Ball Joint Replacement
Upper and lower ball joints are designed to fit snugly inside a lubricated casing. If the casing loses lubrication, dries out, or the linkage becomes loose, wheel alignment may be affected. A loose ball joint can also result in suspension noise and uneven tire wear. Because ball joints act as the link between the wheels and other suspension components, a bad joint can conflict with normal steering capabilities. In extreme cases, a worn ball joint that fails may fall out of its casing and cause a collapse of the suspension system. Clunking sounds, poor handling, and unnatural pulling are all signs of bad ball joints. In some cases, ball joints may require replacements. If you plan on avoiding a ball joint failure, be sure to consult your owner’s manual for the maximum allowable wear on your suspension system’s ball joints. Our replacement ball joints will restore full functionality to your suspension system.

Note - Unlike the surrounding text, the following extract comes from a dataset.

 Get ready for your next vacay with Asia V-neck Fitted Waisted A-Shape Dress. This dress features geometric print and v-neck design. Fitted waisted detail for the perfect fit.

The suspension system allows your tires to maintain constant contact with the road, especially on uneven surfaces like bumps and potholes. Ball joints are ball-and-socket joints located between the control arm and the steering knuckle. Ball joints act as the pivot point between the wheels and the rest of the suspension system. They are designed to allow for movement in two planes at once while providing ease of rotation in those planes. They allow a vehicle’s suspension system to move up or down while the wheels turn left or right. Vehicles with shocks have upper and lower ball joints, while many vehicles with struts have only lower ball joints. Some ball joints are load-bearing and will wear faster than normal ball joints. As an important suspension component, ball joints are designed to experience wear and tear, often in the form of friction. Like all suspension system components, ball joints have a maintenance schedule that can help prevent unexpected repairs or replacements.